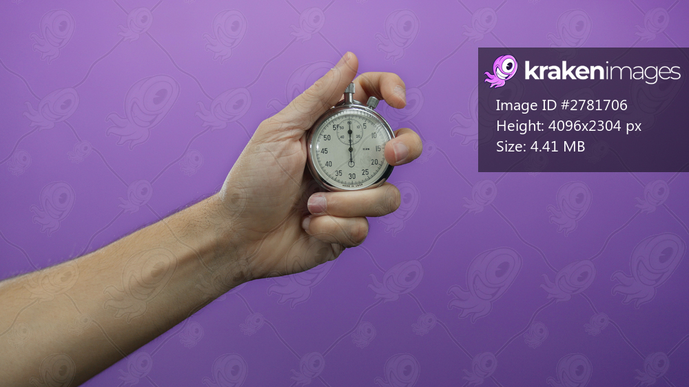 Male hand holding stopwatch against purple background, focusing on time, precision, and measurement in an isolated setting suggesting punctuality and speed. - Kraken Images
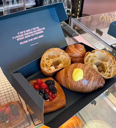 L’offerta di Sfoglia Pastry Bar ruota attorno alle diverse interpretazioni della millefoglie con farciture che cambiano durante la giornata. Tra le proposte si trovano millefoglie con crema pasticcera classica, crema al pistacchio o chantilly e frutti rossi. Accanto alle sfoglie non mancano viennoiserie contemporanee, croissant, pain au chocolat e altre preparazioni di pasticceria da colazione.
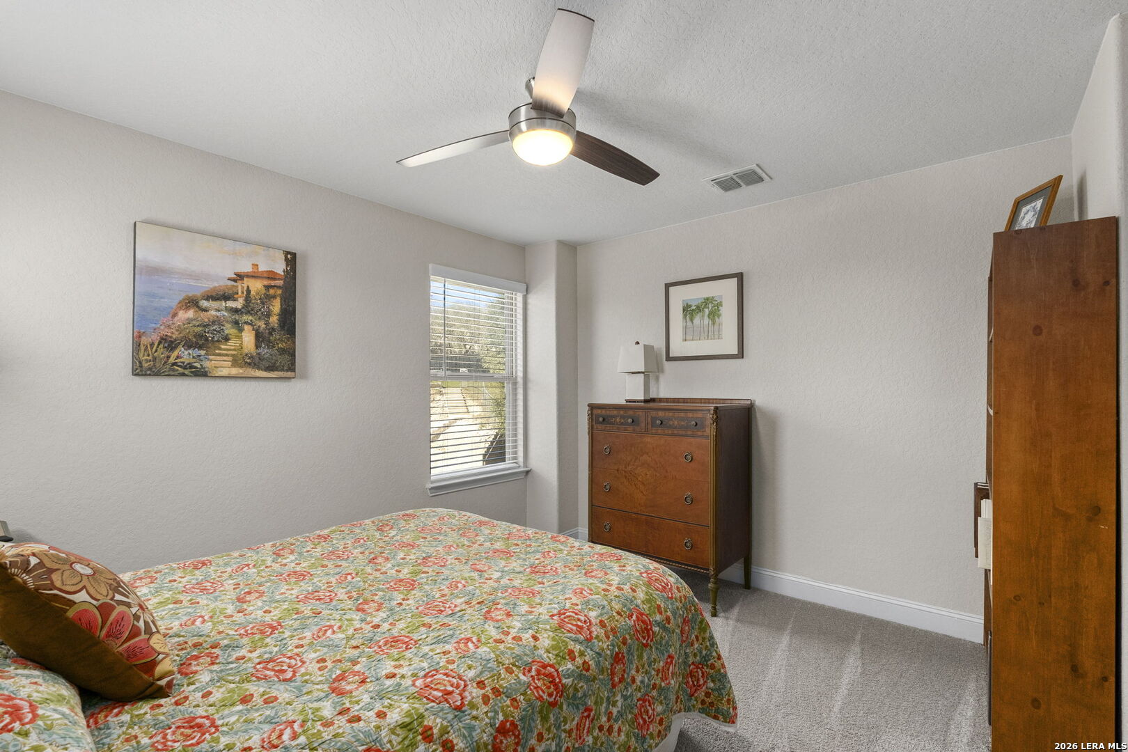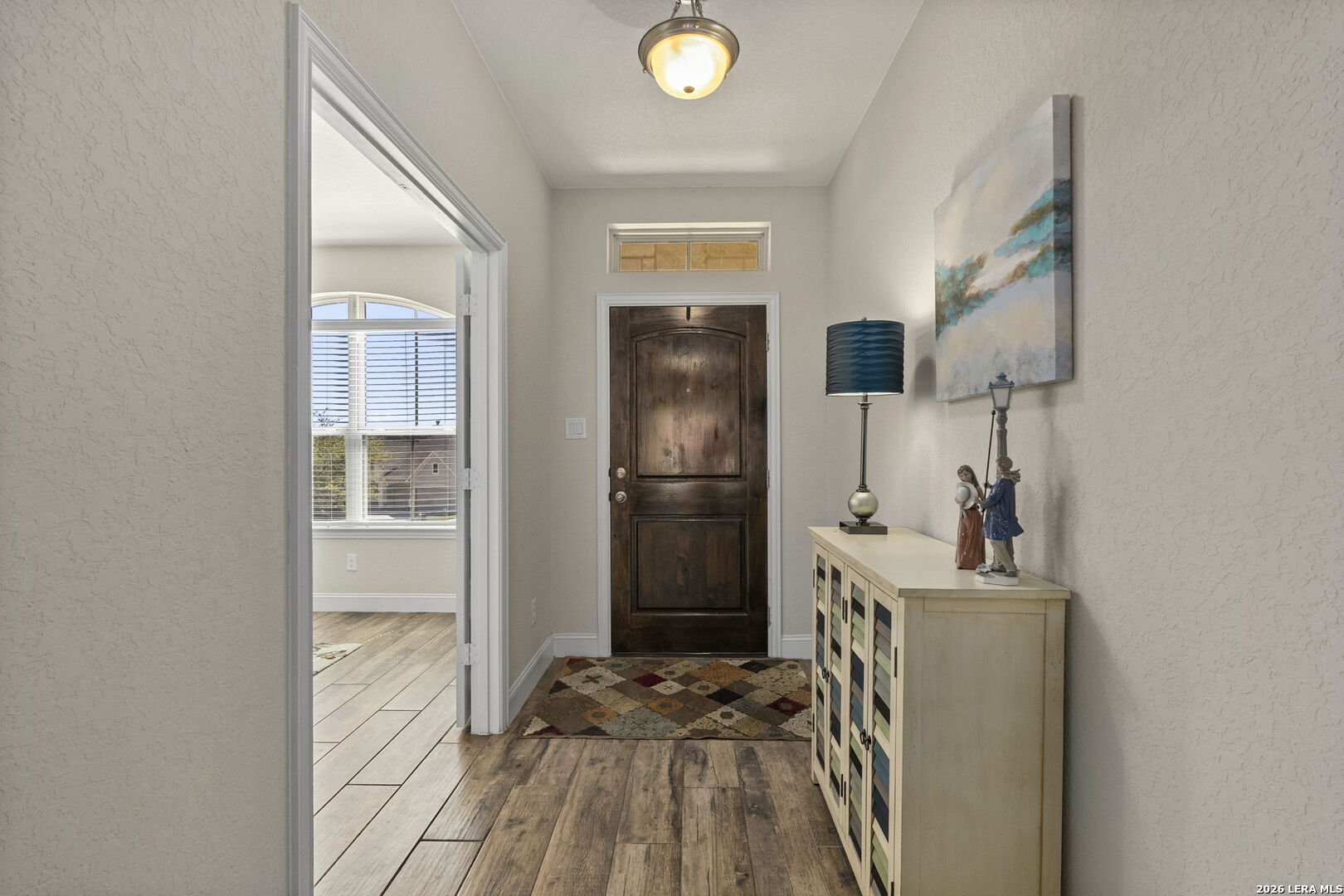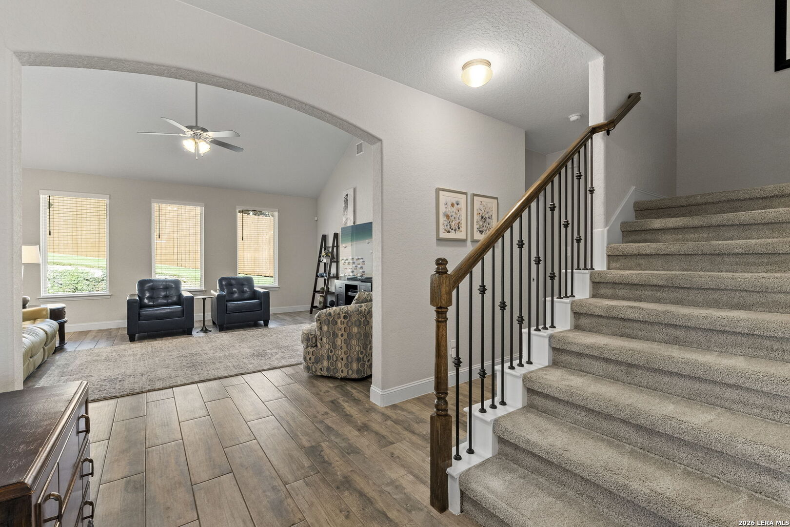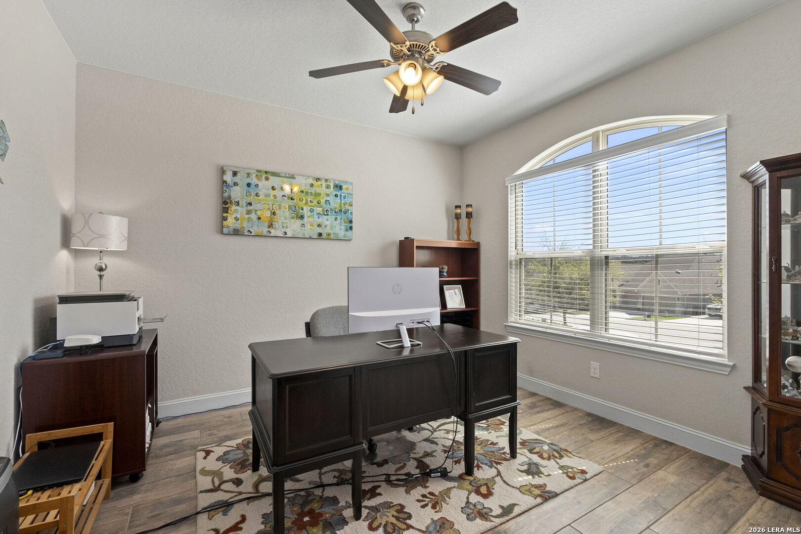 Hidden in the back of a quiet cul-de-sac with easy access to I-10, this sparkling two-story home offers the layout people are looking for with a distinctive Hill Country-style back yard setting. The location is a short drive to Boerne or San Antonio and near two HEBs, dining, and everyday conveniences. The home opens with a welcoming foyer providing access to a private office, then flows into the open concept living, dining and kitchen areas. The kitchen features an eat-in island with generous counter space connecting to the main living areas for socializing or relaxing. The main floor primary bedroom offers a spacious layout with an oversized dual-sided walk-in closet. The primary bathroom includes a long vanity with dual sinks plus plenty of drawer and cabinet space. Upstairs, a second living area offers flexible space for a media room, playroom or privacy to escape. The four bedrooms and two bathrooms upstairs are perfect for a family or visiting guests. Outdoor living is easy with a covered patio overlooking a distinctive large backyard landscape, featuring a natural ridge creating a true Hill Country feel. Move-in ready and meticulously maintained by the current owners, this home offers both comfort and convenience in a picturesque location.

= = = = = = =

[THE TASK]: When you copy the data above, reproduce each line exactly and skip every image.

[ANSWER SPACE]:
 Male hand holding stopwatch against purple background, focusing on time, precision, and measurement in an isolated setting suggesting punctuality and speed. - Kraken Images
 L’offerta di Sfoglia Pastry Bar ruota attorno alle diverse interpretazioni della millefoglie con farciture che cambiano durante la giornata. Tra le proposte si trovano millefoglie con crema pasticcera classica, crema al pistacchio o chantilly e frutti rossi. Accanto alle sfoglie non mancano viennoiserie contemporanee, croissant, pain au chocolat e altre preparazioni di pasticceria da colazione.
 Hidden in the back of a quiet cul-de-sac with easy access to I-10, this sparkling two-story home offers the layout people are looking for with a distinctive Hill Country-style back yard setting. The location is a short drive to Boerne or San Antonio and near two HEBs, dining, and everyday conveniences. The home opens with a welcoming foyer providing access to a private office, then flows into the open concept living, dining and kitchen areas. The kitchen features an eat-in island with generous counter space connecting to the main living areas for socializing or relaxing. The main floor primary bedroom offers a spacious layout with an oversized dual-sided walk-in closet. The primary bathroom includes a long vanity with dual sinks plus plenty of drawer and cabinet space. Upstairs, a second living area offers flexible space for a media room, playroom or privacy to escape. The four bedrooms and two bathrooms upstairs are perfect for a family or visiting guests. Outdoor living is easy with a covered patio overlooking a distinctive large backyard landscape, featuring a natural ridge creating a true Hill Country feel. Move-in ready and meticulously maintained by the current owners, this home offers both comfort and convenience in a picturesque location.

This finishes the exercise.